How AutoForge swept 3,500+ parameter combinations, ran ablation tests, tested against random baselines, and answered the hardest question in trading: "Is this edge real, or am I fooling myself?"

This is a second real case study from AutoForge's development. As with the first, the strategy details are intentionally sanitized — this is about the process of validation, not the specific alpha.

The Starting Point

Unlike the first case study, where the trader brought an original observation, this one started with a well-known concept: mean reversion at statistical extremes.

The idea is textbook: when price reaches an extreme (measured by oscillators and volatility bands), it tends to revert to the mean. Every trading book mentions it. The question wasn't "does mean reversion exist?" — it was:

"Can I turn this generic concept into a specific, validated, tradable strategy on my instrument?"

The interview phase was shorter this time — the core concept was clear. But the AI pushed hard on specifics:

"Which oscillator? What thresholds define 'extreme'?"
"What's the target — full reversion to the mean, or partial?"
"What stop loss? Fixed points, ATR-based, or structure-based?"
"When does mean reversion work? All sessions, or specific hours?"
"How long do you hold? What if it doesn't revert?"

By the end: a clear specification with 11 parameters to explore — oscillator settings, band settings, stop mode, target, max hold time, session filter, direction filter, trend filter, and confirmation requirements.

Phase 1: Initial Parameter Sweep — "What's the landscape?"

Experiments: 270 | Goal: map the parameter space

The first sweep tested 270 parameter combinations across oscillator periods, band widths, stop modes, session filters, and direction.

The results were sobering: the best combination had a Sharpe of only 2.0 and most configurations were marginal. But there was a clear signal in the noise:

Finding	Impact
Overnight-only session filter	Dramatically better than all-day trading
Trend filter	Hurt performance — removed
Confirmation requirement	Hurt performance — removed
Both directions	Slightly better than long-only or short-only

Key insight from the AI: "The trend filter and confirmation are hurting you because they're filtering out valid mean reversion setups.

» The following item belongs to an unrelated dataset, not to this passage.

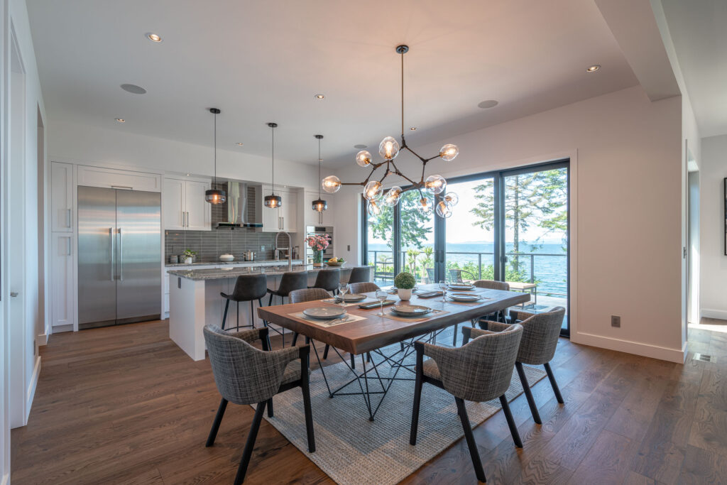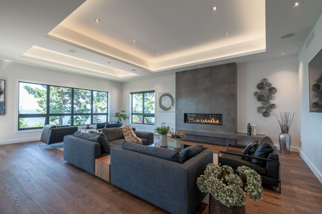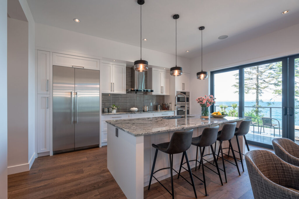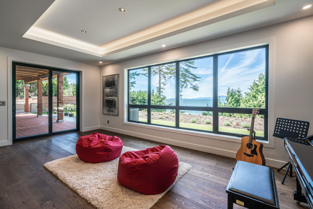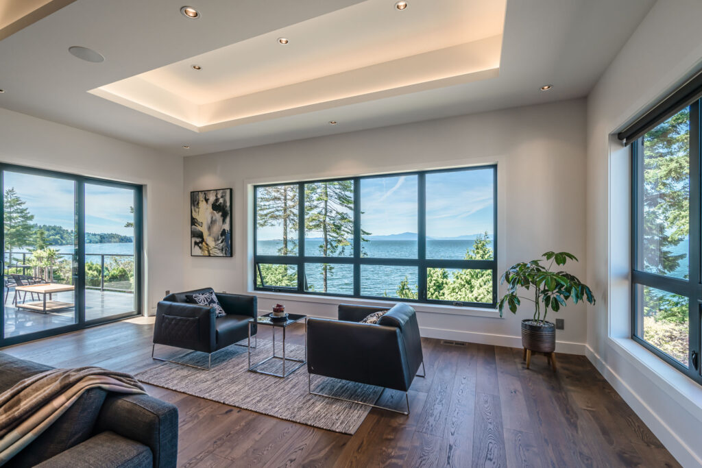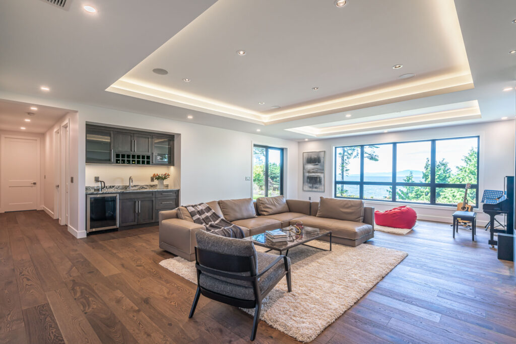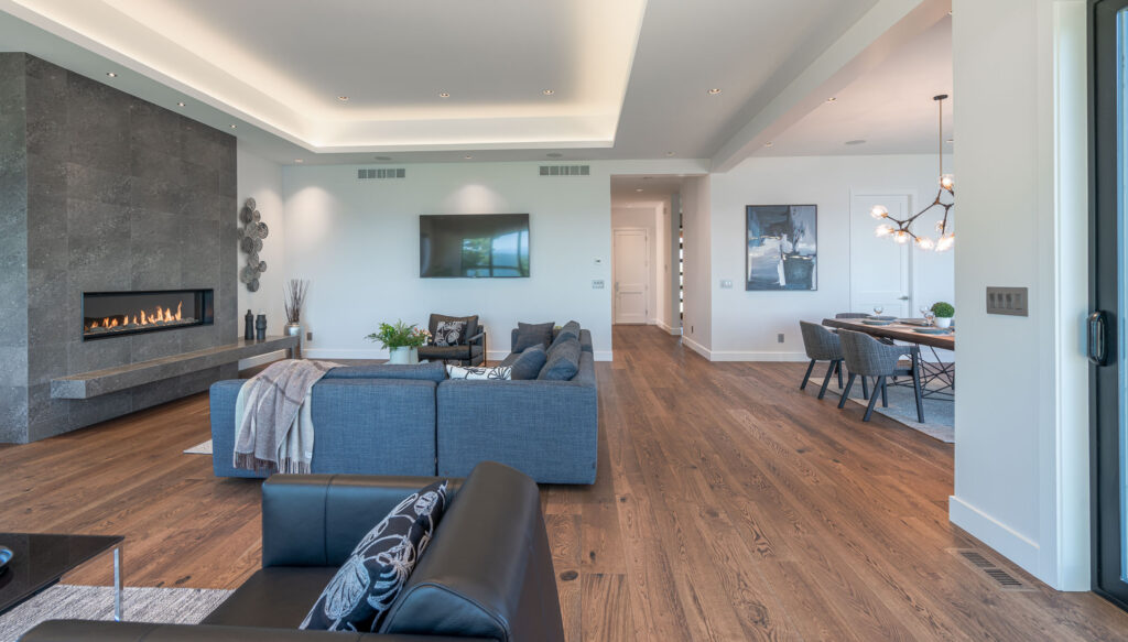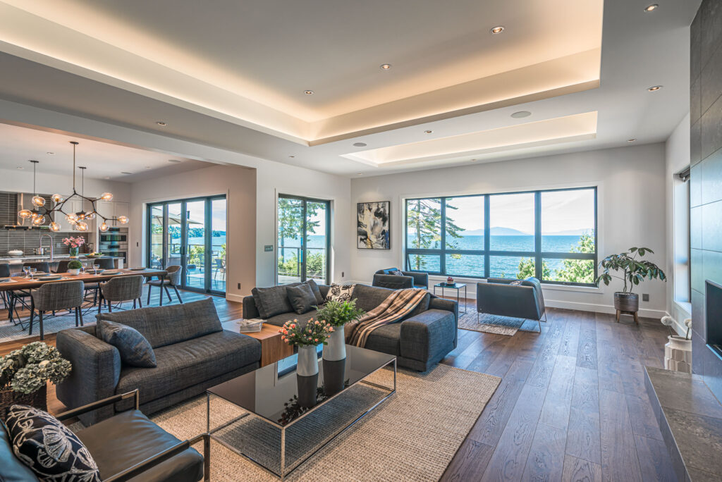 This expansive modern custom home features an open concept main living area, a gourmet kitchen, hardwood floors, and gorgeous ocean views.

In a choppy overnight market, there IS no trend — requiring trend confirmation eliminates the exact conditions where mean reversion works best."

This is counterintuitive. Most traders add filters to improve quality. Here, removing filters improved quality because the filters contradicted the strategy's thesis.

Phase 2: The Big Sweep — 1,500+ Combinations

Experiments: 1,500 | Goal: find the optimal parameter region

With trend filter and confirmation removed, and session locked to overnight, the AI ran a massive sweep across the remaining parameters:

Oscillator period: 6 values
Oscillator thresholds: 4 combinations
Band period: 5 values
Band width: 4 values
Stop mode: 3 approaches
Max hold time: 5 values

That's 1,500+ combinations. On a single machine with 6 parallel workers, this took hours, not days.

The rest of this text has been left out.